I'll post a menu for the day but this is all about summing it up and making sense of what I've been doing.
You probably do not know what this means to me. I don't know if I'll have "won" or not. I'd like to, but it's not a big deal. The Big Deal is two-fold: one, the results drive me to continue the fight beyond the challenge, and two, I didn't quit. I've lost weight and gained muscle. I went through some crazy stuff. There were times that I wondered if I should continue. I had to walk step by step forward in faith until the light broke as I passed through tunnel after tunnel, until I hit The Zone. I wanna ride it forever. I can honestly say that I'm never going back.
It's the 'not quitting thing' that really rocks me. I usually quit. It's what I do, or have done, anyway. There are times when you run out of steam, or life gets in the way, or you just have to make a tough decision others may disagree with, but I did my best to avoid excuses and walk this out to the end. I thank God I did, because I'm in a whole new world now. Special thanks to Cheryl, John, and all my friends at CrossFit as well as everyone else who's given me endless encouragement, and especially my wife Alice who has walked by my side this whole time--so much so that she's a CrossFit girl herself now.
When it hurts, when you're scared, when what's happening to you can't be easily explained but it's bad, when you smell the bear scat and hear the rustling, when the territory is virgin and you've only got 18 rounds left in the magazine with no food, there are no excuses and you gotta dig deep. And I have finally discovered that I can do that. I haven't reached the depths or gone as far as I think I can, but I can see it and taste it now. It's real.
My old trainer Tom, who took me on a powerful but perhaps ill-advised hike of Giant Mt. in the Adirondacks (a High Peak) several years ago, told me something similar: The mountain doesn't care.
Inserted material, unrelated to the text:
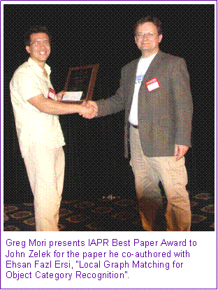 The CRV conference series provides a high-quality forum for the Canadian and International Computer and Robot Vision communities to share their work. As usual, our conference was sponsored by CIPPRS/ACTIRF (Canadian Image Processing and Pattern Recognition Society/Association Canadienne de Traitment d'Images et de Reconnaissance des Formes) and endorsed by IAPR (International Association for Pattern Recognition). CIPPRS/ACTIRF is a special interest group of the Canadian Information Processing Society (CIPS) and is the official Canadian member of the Governing Board of the IAPR. The goal of CIPPRS/ACTIRF is to promote research and development activities in Computer Vision, Robot Vision, Image Processing, Medical Imaging and Pattern Recognition. We were delighted to present our distinguished invited speakers Dr. Martial Hebert of Carnegie Mellon University, Dr. Larry Matthies of the NASA Jet Propulsion Laboratory and Dr. Michael Black of Brown University. These excellent researchers perfectly represent the combination of computer and robot vision that is the unique flavor of this conference series. The papers that appeared were each reviewed by at least two reviewers from a 60 member program committee comprised of internationally recognized vision and robotics researchers. This year we received a total of 102 submissions, of which 26 papers were accepted for oral presentation (25 percent), while another 31 papers were accepted as poster papers (30 percent). At the conference banquet, we were pleased to present four paper awards: ¨ Yehia T. Kotb, Steven S. Beauchemin, and John L. Barron received the Best Robotics Paper award for their paper titled "Petri Net-Based Cooperation in Multi-Agent Systems." ¨ Vincent Chapdelaine-Couture and Michael Langer received the Best Vision Paper award for their paper titled "Can Lucas-Kanade be used to estimate motion parallax in 3D cluttered scenes?" ¨ The IAPR Best Student Paper award was given to Mohand Said Allili, Nizar Bouguila and Djemel Ziou for their paper "Finite Generalized Gaussian Mixture Modeling and Applications to Image and Video Foreground Segmentation." ¨ The IAPR Best Paper award for CRV 2007 went to Ehsan Fazl Ersi and John S. Zelek for their paper "Local Graph Matching for Object Category Recognition." In addition, Steven Beauchemin from The University of Western Ontario received the CIPPRS award for research and service. We thank the IAPR for their sponsoring these paper awards. In addition to the main paper and poster sessions, our single-track program also featured a special session for the International Workshop on Video Processing and Recognition, organized by Robert Laganiere and Qiang Ji. The Point Grey Research best student paper award for the workshop was presented to Ayman El-Sawah, Chris Joslin, Nicolas D. Georganas, and Emil M. Petriu for their paper "A Framework for 3D Hand Tracking and Gesture Recognition." These conference proceedings were published by the IEEE Computer Society, and will be available on-line through IEEE Xplore and the IEEE/IEE (Institution of Electrical Engineers) Electronic Libraries (IEL). The proceedings are also indexed through the INSPEC indexing service. Thus the papers are highly visible and available, ensuring proper exposure to our authors. Many people collaborated to organize this meeting. We want to thank the members of our program committee for their work in reviewing papers. We gratefully acknowledge and thank Tal Arbel and Gary Gudbranson of Precarn, who did a great job of arranging and synchronizing the co-located conferences, and our publisher Bob Werner of the IEEE Computer Society. We thank CIPPRS Treasurer John Barron at the University of Western Ontario, and CIPPRS President Gregory Dudek for their ongoing guidance and support. Thanks also to last year's CRV co-chair Ioannis Rekleitis for leaving things in good shape. Finally, and crucially, many thanks to the authors who submitted papers, and to the attendees of CRV'07 in the wonderful city of Montreal. We look forward to seeing you at next year's CRV! |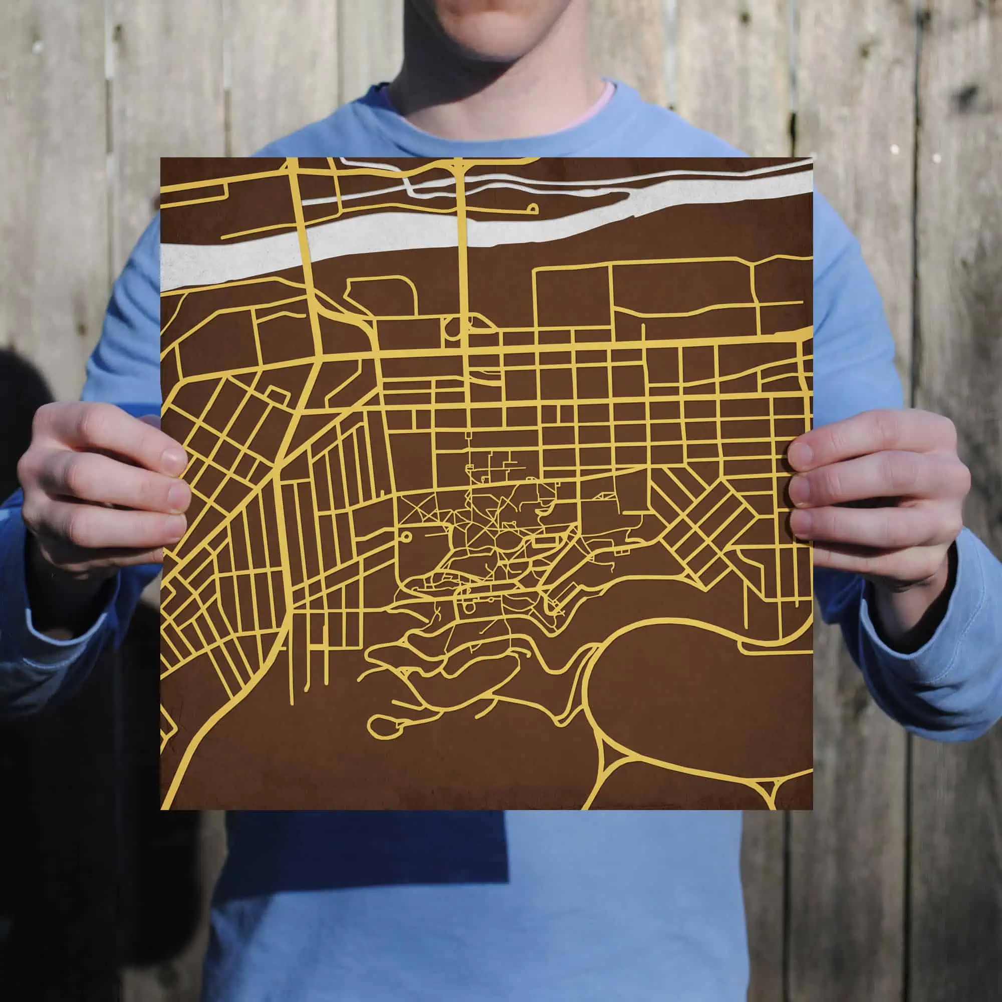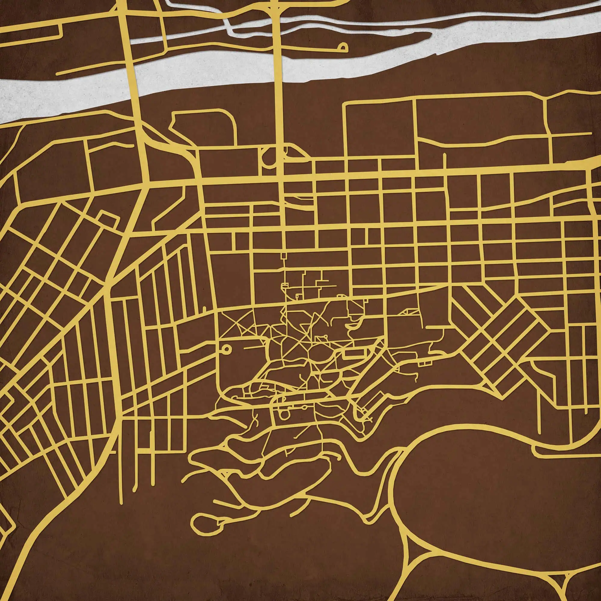 Colorful city map wall art featuring prominent street layouts and urban design, perfect for home or office decor, highlighting city navigation and geographic features.

It just "is." You can make it down, you can fall and die, you can cry or laugh, but the mountain doesn't care.
I needed that.
So now, armed with this truth, will I keep up the good work or do what I have so often done in the past--that is, feel good about the accolades and then drop out? I'm gonna keep going. It'll be less strict in some ways, stricter in others, and I'll keep my mind open to more learning because remaining teachable is one of the most important things in life.
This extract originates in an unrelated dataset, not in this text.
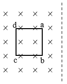 39.如图在竖直向下的半无界匀强磁场中,闭合矩形导线框abcd置于光滑水平面上,其ab边与磁场边界平行。导线框在图示位置获得一水平向右的初速度开始运动到cd边离开磁场的过程中: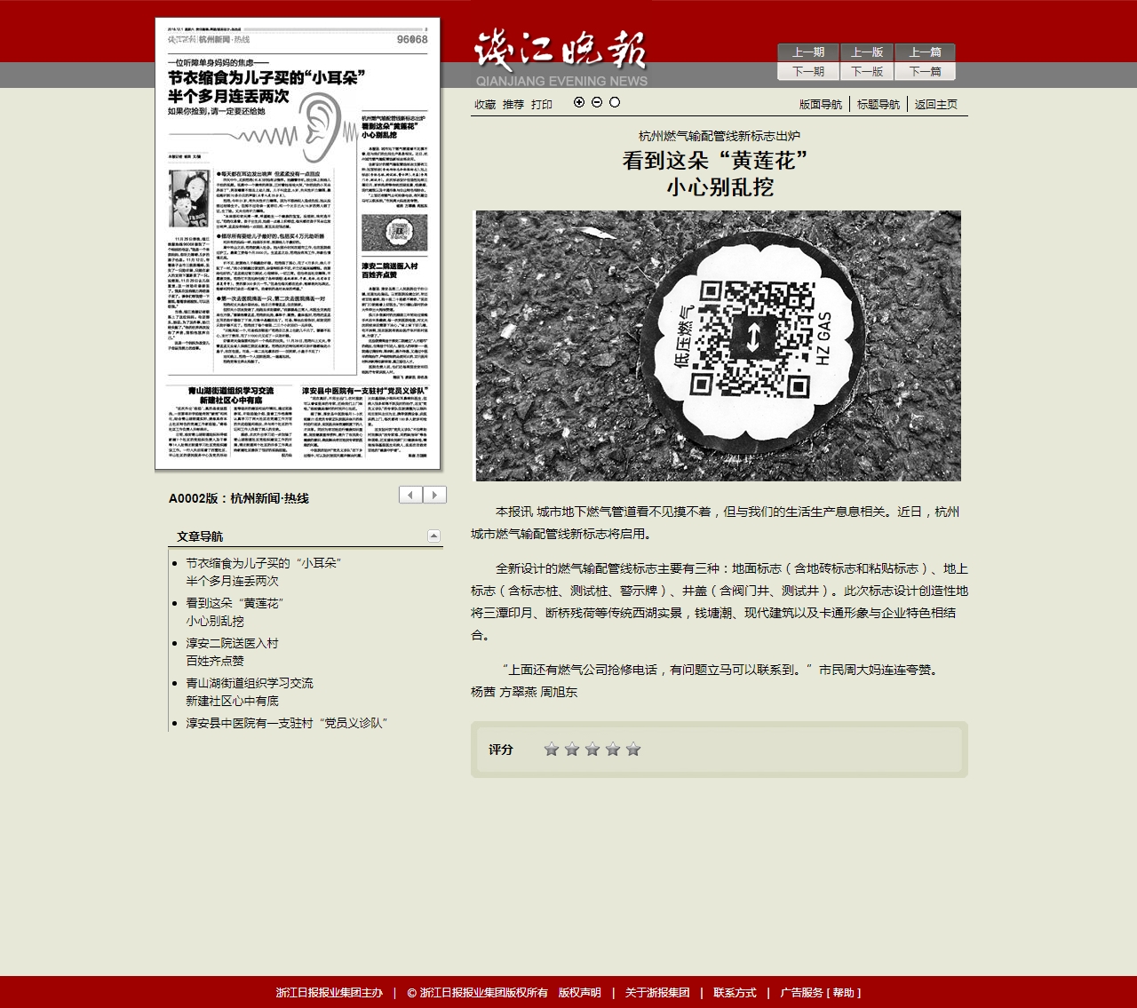 本报讯 城市地下燃气管道看不见摸不着,但与我们的生活生产息息相关。近日,杭州城市燃气输配管线新标志将启用。

I will also be going out to eat sometime soon. Sushi, anyone? I'm gonna plow down as much raw tuna, whitefish, squid, octopus, salmon, and cooked eel as will fit into my tummy. Each comes sleeping on its own bed of rice, secured by wasabi glue and perhaps a bit of seaweed, waiting to be dipped into a mixture of soy sauce and wasabi just before going into the front end of the energy factory.
Today has been spent cooking and relaxing. My knee is iffy and a tad swollen inside and I'm concerned about the Monday night WOD, but I'll live. I wanted to make sure we're ready for a good week because I suspect this coming weekend will, as I mentioned, involve restuarant eating. And I have benchmark WODs to hit this week.
Praise God. In the name of Jesus, I press on, gratefully.
Menu
Breakfast (4 blocks)
- 1/2 cup greek yogurt, 1/4 cup cottage cheese, 1 HB egg, 1 cup strawberries, 1 cup green beans
- 1/2 cup blackberries, 1/2 tsp. olive oil, 15g chopped nuts
Snack (1 block)
- 1 oz. chicken, 1/2 tsp. coconut oil, 2/3 cup strawberries
Lunch (4 blocks)
- 2 cups Chan chili, 1 apple
Snack (4 blocks)
- 8 Tricia meatballs, 1/2 cup sauce, 1 tbsp. c-raisins
Dinner (5 blocks)
- 6 oz. paleo meatloaf, 1 cup green beans, 1/2 tsp. butter,
Total water consumption: 9+ quarts throughout the day, including coffee and tea
It's all good! Based on the rules and all that, my total points for the day: 0
Total points so far: 28
You are awesome Honey! And..."The birds began to sing..." LOL!